Dew on the Rose. From this point on. Author Hurst’s Anatomy fans out into a swiftly sketched, vaguely chronological record of her experiences as a successful “women’s writer.” Her secret marriage to the late Russian-born Pianist Jacques Danielson became celebrated when a reporter uncovered it, learned that the couple kept separate apartments. “You mean, you never meet for breakfast?” said the A.P. man. “Oh, two or three times a week.” said Fannie. “Our way of keeping the dew on the rose.”

There were fleeting acquaintances with Sinclair Lewis, Edna St. Vincent Millay, Scott Fitzgerald. But despite Fannie’s reputation as a literary salon-keeper, she says that literary personalities made her nervous. To Fannie, the famed Algonquin Hotel Round Table was mostly “a group of pundits, wits, wags, versifiers.” Wrote Mama from St. Louis: “How is it you never mention being at that hotel with the Indian name?” The answer is that the Indian wags of the Round Table would have scalped her.

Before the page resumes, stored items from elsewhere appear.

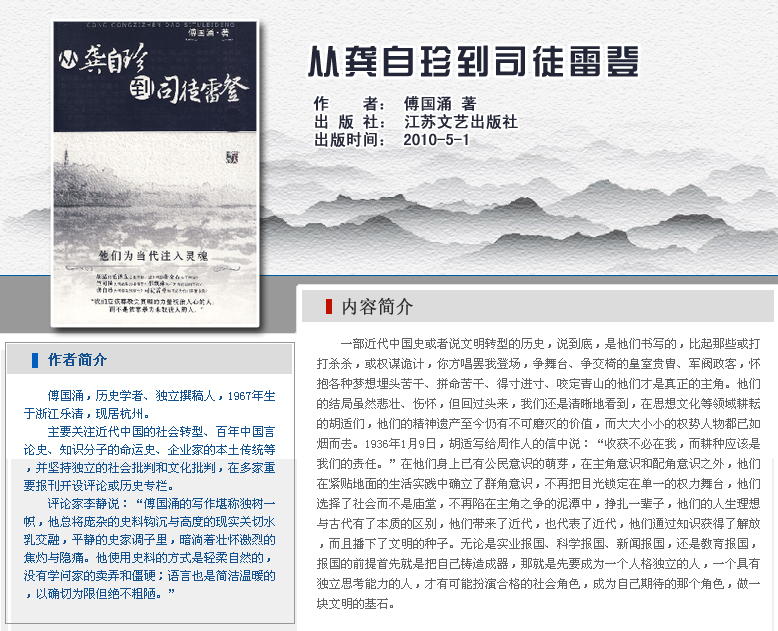 傅國涌在塵封的史料中勤奮爬梳,揭示了近代中國不少歷史真相,以新的視角給讀者新的啟發(fā),實(shí)現(xiàn)了學(xué)術(shù)性和思想性的統(tǒng)一。
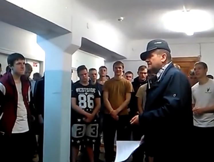 Как видно на записи, «общение» директора со студентами начинается с построения.
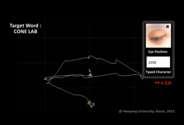 뿐만 아니라 눈 주변 전극에 스마트폰, 태블릿PC에서 활용되는 손글씨 인식 소프트웨어를 연결해 눈으로 그린 궤적을 글씨로 바꾸는 기술을 선보였다. 눈동자로 특정 패턴을 그리면 칸 띄우기, 줄 바꾸기, 글자 지우기 등의 기술이 작동한다.
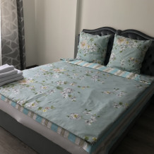 В апартаменте имеются все удобства: новая сантехника, горячая и холодная вода, кондиционер, wi-fi, цифровое тв, а также телевизор с возможностью просмотра смарт-тв. Установлена большая (1,6х2 м) кровать с новым ортопедическим матрасом, на котором действительно удобно спать. Полотенца и постельное белье предоставляем. Окна выходят на солнечную сторону с видом во двор, где нет шума от проезжающих автомобилей и трамвая, шторы black out. Кухня оборудована необходимыми приборами и посудой.
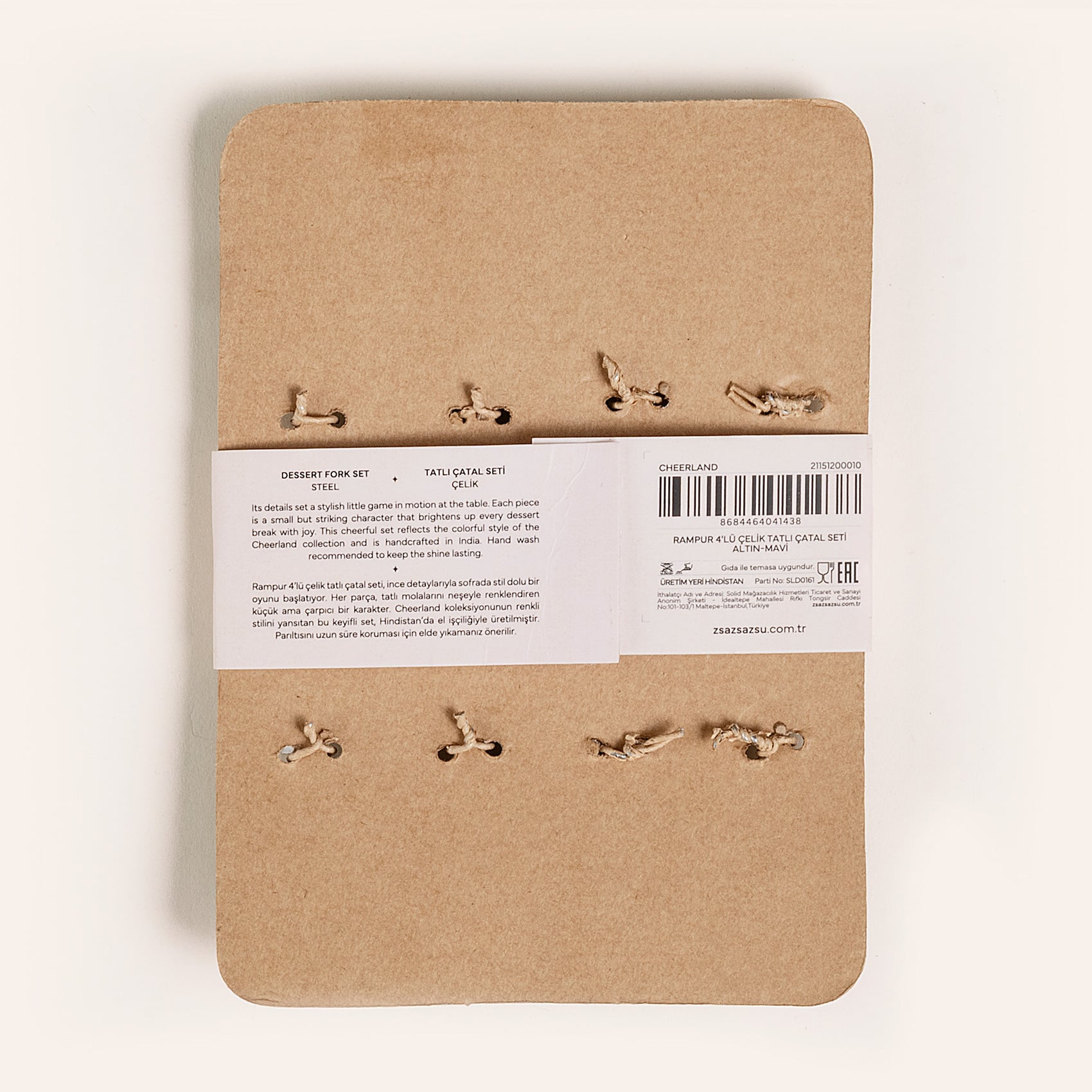 Rampur 4’lü çelik tatlı çatal seti, ince detaylarıyla sofrada stil dolu bir oyunu başlatıyor. Her parça, tatlı molalarını neşeyle renklendiren küçük ama çarpıcı bir karakter. Cheerland koleksiyonunun renkli stilini yansıtan bu keyifli set, Hindistan’da el işçiliğiyle üretilmiştir. Parıltısını uzun süre koruması için elde yıkamanız önerilir.
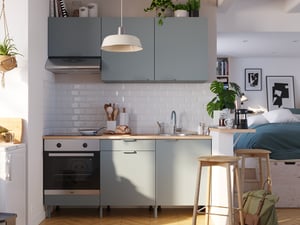 Dans une petite cuisine, l'objectif est de gagner de la place. Mais comment faire pour qu'elle soit pratique et conviviale ? Bien rangée et organisée, une cuisine en kit ou une composition de cuisine, est fonctionnelle et conviviale. En choisissant du mobilier adapté et en multipliant les astuces de rangement, une petite cuisine peut être équipée comme une grande. Aussi vous retrouverez dans notre gamme des propositions de cuisine équipée, semi-équipée, dont la plupart sont modulables et personnalisables. Notre gamme de composition de cuisine Delinia ID vous permettra d’avoir, pour un prix raisonnable, une petite cuisine à votre gout dotée d’une qualité irréprochable. Chez Leroy Merlin, découvrez les "Meubles de cuisine ", pour agrandir, personnaliser et rendre fonctionnelle votre cuisine. Nos produits sont disponibles en magasin selon les stocks ou livrés rapidement à votre domicile.
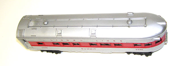 Lionel 2442, 2444, 2446 Red Stripe Passenger Cars + BOXESHere is a very nice set of Lionel postwar "O" gauge "Red Stripe" Illuminated Passenger Cars plus the BOXES. We are offering the No. 2442 "Clifton" Vista Dome, the No. 2444 "Newark" Pullman, and the No. 2446 "Summit". These are in excellent condition. The sides and stripes are very clean, the tops have some marks and scratches. Particularly one mark on the top of the Observation (see picture) where the paint is thin. The Boxes are all in very good condition. Don't miss. Price: $279 SORRY! SOLD!
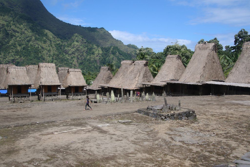 We start out in the village of Bena which is the most famous of the traditional Ngada villages. It got a lot of traditional huts with their thatch roof. There are a lot of huts which are lined up on each side of a large village square. Some of the huts have different decorations on the top of the roof – they indicate different statues of the clan who live in that particular house.
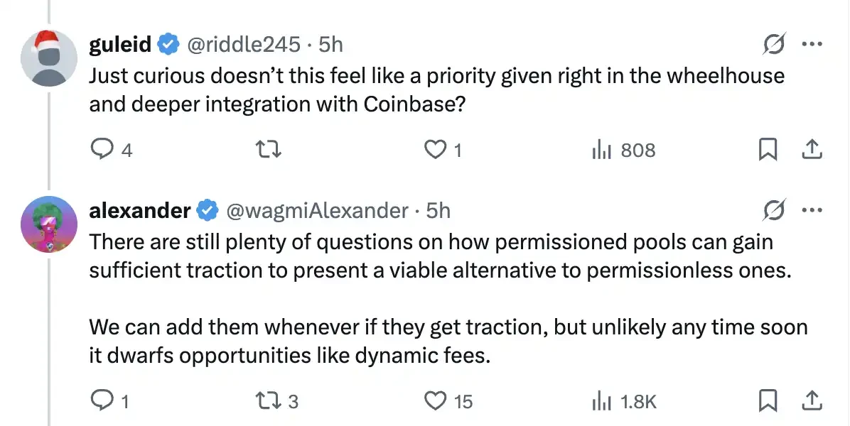 他在回复别人的推文中写道,「关于许可池(permissioned pools)如何能够获得足够的吸引力,从而成为无许可池(permissionless pools)的可行替代方案,这仍然有很多疑问。如果它真的获得了市场认可,我们随时可以加入支持。但短期内来看,它不太可能超过动态费率(dynamic fees)这样的机会。」
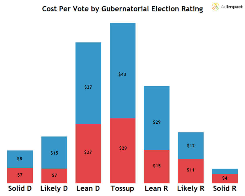 In the world of political advertising, the total amount of money an advertiser spends will not always fetch the same ad rates across the country. For instance, the New York City media market is more expensive than the Juneau market, and candidates have cheaper ad buying rates than issue groups. Because of this, the cost per vote (CPV) can differ wildly based on a variety of factors. CPV is comparing the amount of ad money spent to the number of votes received in respective elections.
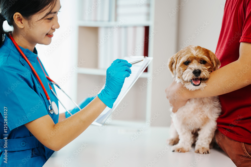 A man takes his sick small dog to the vet for a health check at the hospital desk. The veterinarian examines the dog and provides necessary medication for recovery

And yet her fans may well ask: How many of the Algonquin crowd have endured as long as Fannie Hurst? The Satevepost’s George Horace Lorimer, she recalls, once wrote her: “Less red meat in your stories, please. Let us have some delicate white cuts.” Red meat, which was rarely on the menu at the Algonquin, is Author Hurst’s undisputed specialty. And that, compared to some other fare available today, at least makes for a square meal—even if her fancy sauces are always indigestible.